### Exercise objective
Because the pictures are not wanted, reproduce the rest of the records below exactly as they stand.

________________________

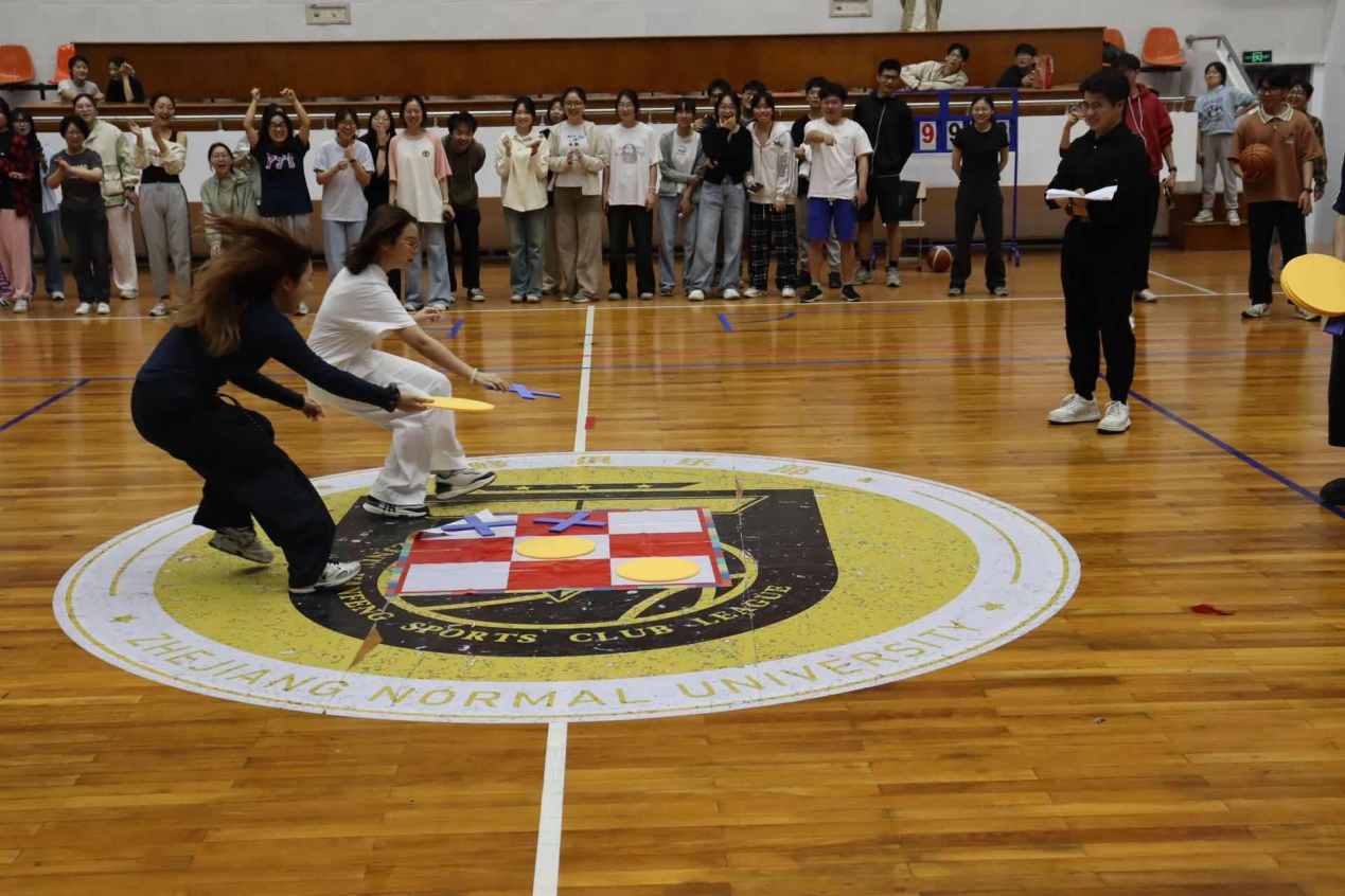 比赛现场热闹非凡,由班级为单位组建的师生队伍纷纷亮相,展开了激烈的角逐。在团体接力赛中,彩色的毽子在围成圆圈的师生间轻盈传递,跳绳、夹篮球时的轻快步伐与夹钢珠的稳健手法相得益彰,师生们互相鼓励、配合无间;在三子棋的智慧对决中,师生们时而凝神思考,时而快速移动,在竞技中碰撞出智慧的火花。整个比赛过程洋溢着轻松愉快的氛围,师生们在运动中增进情谊,在互动中收获快乐。
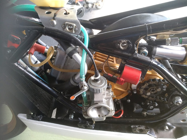 yamaha tz 370 harris , con cilindri tz 750 red valve 6 petali,cilindro 350 tz 3g3 6 travasi ,i cilindri sono tutti con pistoni e cromature nuove,bielle nuove,la moto e' in perfetto stato.pronta pista.
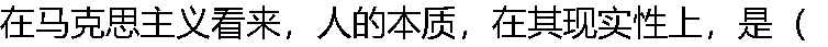 | A:有生命的自然存在 B:一切社会关系的总和 C:饥食渴饮、性欲生殖 D:单个人所固有的抽象物 |
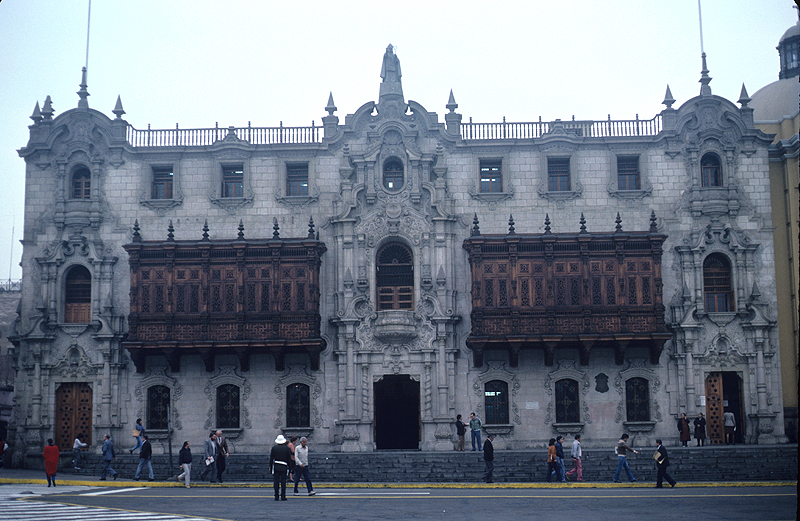 Source: WTL photo taken on site in Lima. Comments: The Palacio del Arzobispo (bishop's palace) alongside the national cathedral. Notice the late renaissance and early Spanish baroque style of the façade, plus the ornate prante wood-covered balconies. This building was rebuilt in the 1920s. The Catholic Archbishop of Lima still resides here and conducts all Catholic diocesan business from here. |
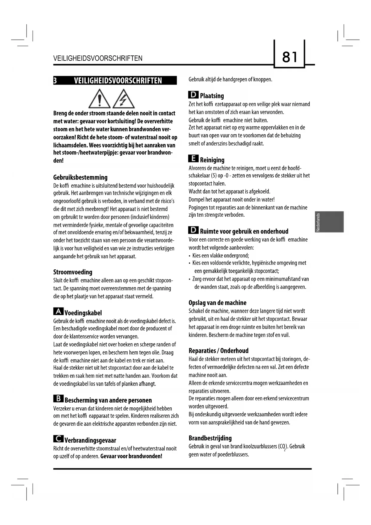 - Veiligheidsinrichtingen Veiligheidsventiel waterketeldruk Veiligheidsthermostaat Met voorbehoud van wijzigingen in de constructie en uitvoering op basis van de technologische vooruit- gang.80 Afstanden in mm O I L VEILIGHEIDSVOORSCHRIFTEN81 Nederlands 3 VEILIGHEIDSVOORSCHRIFTEN Breng de onder stroom staande delen nooit in contact met water: gevaar voor kortsluiting! De oververhitte stoom en het hete water kunnen brandwonden ver- oorzaken! Richt de hete stoom- of waterstraal nooit op lichaamsdelen. Wees voorzichtig bij het aanraken van het stoom-/heetwaterpijpje: gevaar voor brandwon- den! Gebruiksbestemming De ko emachine is uitsluitend bestemd voor huishoudelijk gebruik. Het aanbrengen van technische wijzigingen en elk ongeoorloofd gebruik is verboden, in verband met de risico’s die dit met zich meebrengt! Het apparaat is niet bestemd om gebruikt te worden door personen (inclusief kinderen) met verminderde fysieke, mentale of gevoelige capaciteiten of met onvoldoende ervaring en/of bekwaamheid, tenzij ze onder het toezicht staan van een persoon die verantwoorde- lijk is voor hun veiligheid en van wie ze instructies verkrijgen aangaande het gebruik van het apparaat. Stroomvoeding Sluit de ko emachine alleen aan op een geschikt stopcon- tact. De spanning moet overeenstemmen met de spanning die op het plaatje van het apparaat staat vermeld. Voedingskabel Gebruik de ko emachine nooit als de voedingskabel defect is. Een beschadigde voedingskabel moet door de producent of door de klantenservice worden vervangen. Laat de voedingskabel niet over hoeken en scherpe randen of hete voorwerpen lopen, en bescherm hem tegen olie. Draag de ko emachine niet aan de kabel en trek er niet aan. Haal de stekker niet uit het stopcontact door aan de kabel te trekken en raak hem niet met natte handen aan. Voorkom dat de voedingskabel los van tafels of planken afhangt. Bescherming van andere personen Verzeker u ervan dat kinderen niet de mogelijkheid hebben om met het ko eapparaat te spelen. Kinderen realiseren zich de gevaren die aan elektrische apparaten verbonden zijn niet. Verbrandingsgevaar Richt de oververhitte stoomstraal en/of heetwaterstraal nooit op uzelf of op anderen. Gevaar voor brandwonden! VEILIGHEIDSVOORSCHRIFTEN Gebruik altijd de handgrepen of knoppen. Plaatsing Zet het ko ezetapparaat op een veilige plek waar niemand het kan omstoten of zich eraan kan verwonden. Gebruik de ko emachine niet buiten. Zet het apparaat niet op erg warme oppervlakken en in de buurt van open vuur om te voorkomen dat de behuizing smelt of anderszins beschadigd raakt. Reiniging Alvorens de machine te reinigen, moet u eerst de hoofd- schakelaar (5) op -0 - zetten en vervolgens de stekker uit het stopcontact halen. Wacht dan tot het apparaat is afgekoeld. Dompel het apparaat nooit onder in water! Pogingen tot reparaties aan de binnenkant van de machine zijn ten strengste verboden. Ruimte voor gebruik en onderhoud Voor een correcte en goede werking van de ko emachine wordt het volgende aanbevolen:

________________________

### Answer to this task
 比赛现场热闹非凡,由班级为单位组建的师生队伍纷纷亮相,展开了激烈的角逐。在团体接力赛中,彩色的毽子在围成圆圈的师生间轻盈传递,跳绳、夹篮球时的轻快步伐与夹钢珠的稳健手法相得益彰,师生们互相鼓励、配合无间;在三子棋的智慧对决中,师生们时而凝神思考,时而快速移动,在竞技中碰撞出智慧的火花。整个比赛过程洋溢着轻松愉快的氛围,师生们在运动中增进情谊,在互动中收获快乐。
 yamaha tz 370 harris , con cilindri tz 750 red valve 6 petali,cilindro 350 tz 3g3 6 travasi ,i cilindri sono tutti con pistoni e cromature nuove,bielle nuove,la moto e' in perfetto stato.pronta pista.
 | A:有生命的自然存在 B:一切社会关系的总和 C:饥食渴饮、性欲生殖 D:单个人所固有的抽象物 |
 Source: WTL photo taken on site in Lima. Comments: The Palacio del Arzobispo (bishop's palace) alongside the national cathedral. Notice the late renaissance and early Spanish baroque style of the façade, plus the ornate prante wood-covered balconies. This building was rebuilt in the 1920s. The Catholic Archbishop of Lima still resides here and conducts all Catholic diocesan business from here. |
 - Veiligheidsinrichtingen Veiligheidsventiel waterketeldruk Veiligheidsthermostaat Met voorbehoud van wijzigingen in de constructie en uitvoering op basis van de technologische vooruit- gang.80 Afstanden in mm O I L VEILIGHEIDSVOORSCHRIFTEN81 Nederlands 3 VEILIGHEIDSVOORSCHRIFTEN Breng de onder stroom staande delen nooit in contact met water: gevaar voor kortsluiting! De oververhitte stoom en het hete water kunnen brandwonden ver- oorzaken! Richt de hete stoom- of waterstraal nooit op lichaamsdelen. Wees voorzichtig bij het aanraken van het stoom-/heetwaterpijpje: gevaar voor brandwon- den! Gebruiksbestemming De ko emachine is uitsluitend bestemd voor huishoudelijk gebruik. Het aanbrengen van technische wijzigingen en elk ongeoorloofd gebruik is verboden, in verband met de risico’s die dit met zich meebrengt! Het apparaat is niet bestemd om gebruikt te worden door personen (inclusief kinderen) met verminderde fysieke, mentale of gevoelige capaciteiten of met onvoldoende ervaring en/of bekwaamheid, tenzij ze onder het toezicht staan van een persoon die verantwoorde- lijk is voor hun veiligheid en van wie ze instructies verkrijgen aangaande het gebruik van het apparaat. Stroomvoeding Sluit de ko emachine alleen aan op een geschikt stopcon- tact. De spanning moet overeenstemmen met de spanning die op het plaatje van het apparaat staat vermeld. Voedingskabel Gebruik de ko emachine nooit als de voedingskabel defect is. Een beschadigde voedingskabel moet door de producent of door de klantenservice worden vervangen. Laat de voedingskabel niet over hoeken en scherpe randen of hete voorwerpen lopen, en bescherm hem tegen olie. Draag de ko emachine niet aan de kabel en trek er niet aan. Haal de stekker niet uit het stopcontact door aan de kabel te trekken en raak hem niet met natte handen aan. Voorkom dat de voedingskabel los van tafels of planken afhangt. Bescherming van andere personen Verzeker u ervan dat kinderen niet de mogelijkheid hebben om met het ko eapparaat te spelen. Kinderen realiseren zich de gevaren die aan elektrische apparaten verbonden zijn niet. Verbrandingsgevaar Richt de oververhitte stoomstraal en/of heetwaterstraal nooit op uzelf of op anderen. Gevaar voor brandwonden! VEILIGHEIDSVOORSCHRIFTEN Gebruik altijd de handgrepen of knoppen. Plaatsing Zet het ko ezetapparaat op een veilige plek waar niemand het kan omstoten of zich eraan kan verwonden. Gebruik de ko emachine niet buiten. Zet het apparaat niet op erg warme oppervlakken en in de buurt van open vuur om te voorkomen dat de behuizing smelt of anderszins beschadigd raakt. Reiniging Alvorens de machine te reinigen, moet u eerst de hoofd- schakelaar (5) op -0 - zetten en vervolgens de stekker uit het stopcontact halen. Wacht dan tot het apparaat is afgekoeld. Dompel het apparaat nooit onder in water! Pogingen tot reparaties aan de binnenkant van de machine zijn ten strengste verboden. Ruimte voor gebruik en onderhoud Voor een correcte en goede werking van de ko emachine wordt het volgende aanbevolen:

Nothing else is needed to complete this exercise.